Don't know if it's been mentioned yet, but in Notion (PreSonus) you can also use EastWest Symphonic Orchestra or other libraries.


----------



## KEnK (Feb 16, 2015)

Elephant @ Mon Feb 16 said:


> > study midi files that "sound good"-
> 
> 
> 
> ...


I don't personally check out this kind of thing any more.
but here's a site I used to check out when I was trying to figure this stuff out.
http://www.classicalarchives.com/midi.html

it might be what you're looking for.
only free for 14 days, but you can get a sense of what's out there.
after a while you'll notice which 'contributors' are making the better files.
Sorry, but I don't know exactly which files are the better ones.
I'm sure there's lots of great stuff out there easily found w/ a search.

I listened to a few versions of the Allegro con brio from Beethoven's 5th
none of them were "good", but all were different interpretations.
Thing to do to is find something that does sound good and study it,
It could also be the midi player used on the site is bad- (maybe it's a quicktime synth)
I don't know- but I do know there are some out there easily found worth looking at.

As mentioned, which libraries are used will affect performance issues-
but regardless of that, you'll still quickly get a sense what to do to make your
interpretations less mechanical.

that is after all, what you're wanting to do when you use step or notation input.

k


----------



## Lassi Tani (Feb 16, 2015)

Elephant @ 17/2/2015 said:


> @sekkosiki
> Why is Noteperformer a must as opposed to a sample library like Vienna Special Edition 1 (curious as I have been considering MP) ? I know this question is a bit of a sidetrack but just interested to respond here briefly.
> Also, when you import a file from Sibelius, do you also import the keyswitches or just the raw notes ?



If you are considering composing with Sibelius, then NotePerformer is great!
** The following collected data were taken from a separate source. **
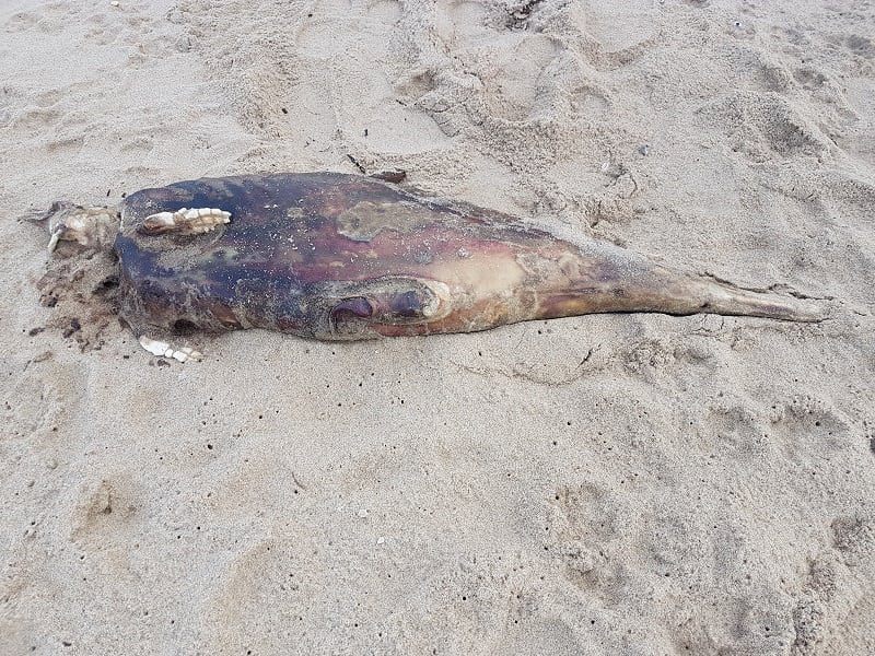 Een dame die met haar honden op het strand liep, ontdekte het kadaver en stuurde keurig een appje met de locatie erbij.
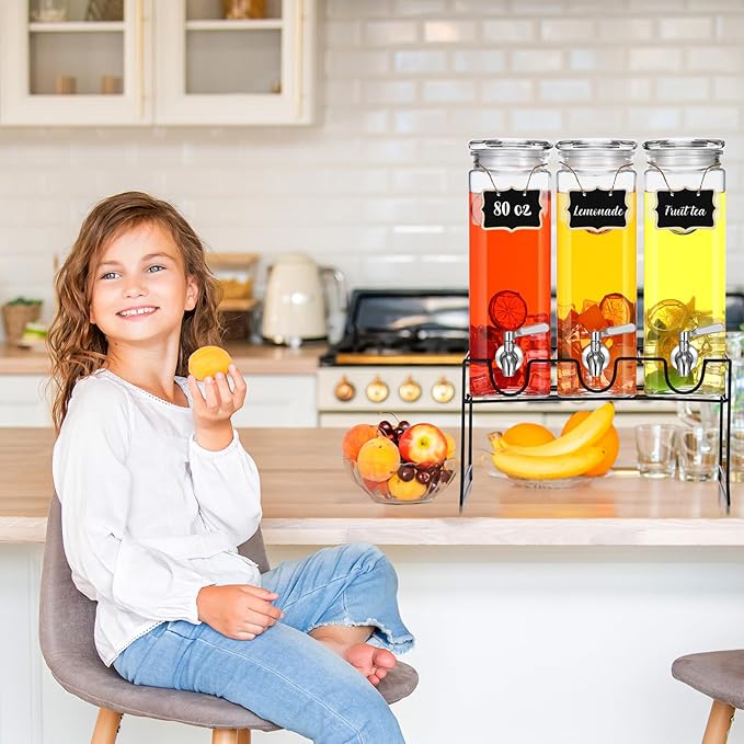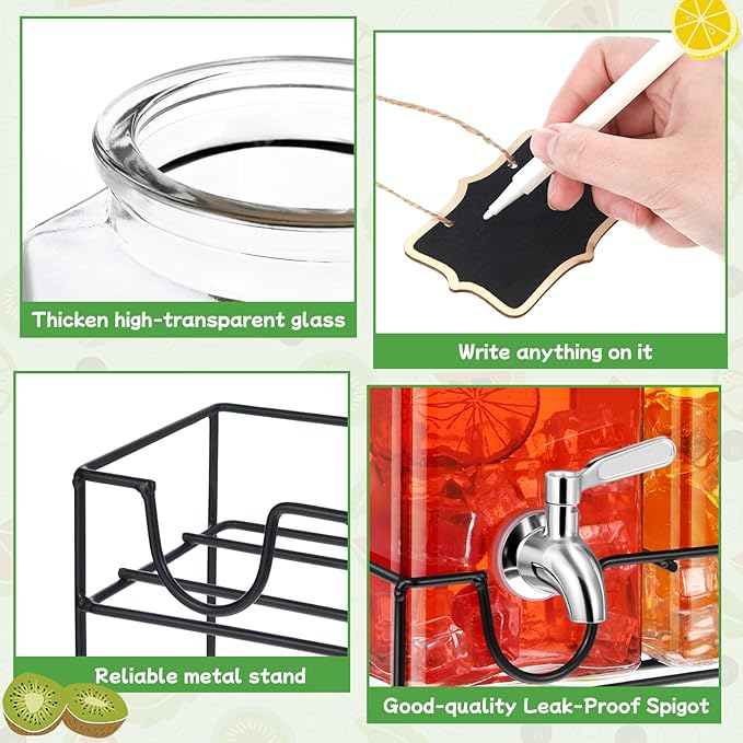 • Complete Drink Dispenser Set: you will receive 3 pieces of glass water dispenser, 3 glass lids, 3 stainless steel spigots, 1 black metal stand, 3 hanging chalkboard labels, 1 wrench, and 1 installation instruction, including the things you need to serve your favorite beverages; With the necessary accessories, you can start using it to sharing happiness with your partners and family
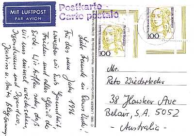 Hinweisvermerk Schülerbrief: Vermerk der auf eine gebührenbegünstigte Grund-sendung für den Versand von Brieffreund-schaftsbriefen zwischen Schülern hinweist die im internationalen Verkehr mit Luftpost zum Landtarif befördert wurden |

It's easy to install and use, and it's inspiring, and also cheap :D. I guess you could connect any VST library with Sibelius, but you need to set it up, and it takes time. I'm lazy, thus NotePerformer is perfect for me . When I import a file from Sibelius, I just import the midi notes without keyswitches.


----------



## olajideparis (Feb 17, 2015)

In short doesn't exist. I hear good things about Note Performer but that really only sounds good compared to the results one typically gets from a notation program, compared to a well performed midi mockup with high end sound libraries it sounds god awful. Steinberg is working on a product geared towards this very thing and have employed many of the programmers who worked on Sibelius so I would look towards that as a solution in the future. You can read more about that on the official blog: http://blog.steinberg.net/

But if getting a realistic mockup is your goal I would not attempt to do so by means of notation exclusively. If you don't have the keyboard skills or the libraries then hire somebody to do that for you.

Regarding keyboard chops, one only need not be a keyboard virtuoso to produce good midi mockups which would be superior to what you would get from a notation program. I am a poor keyboard player since I was a guitarist my whole life and didn't touch a keyboard until my mid twenties when I went back to study orchestration and keyboard harmony. And while my chops can certainly stand to improve they are good enough to get me through being able to mockup up an orchestra or any other instrument for that matter a helluva lot faster than I could ever do so with finale. What helps make up for the lack of amazing keyboard chops is knowing the DAW very well...like an instrument. So I would not shy away from the challenge of getting to learn your DAW of choice well enough to be able to produce a good midi mockup and definitely would not shy away from learning the keyboard if you feel like that is a weakness of yours. 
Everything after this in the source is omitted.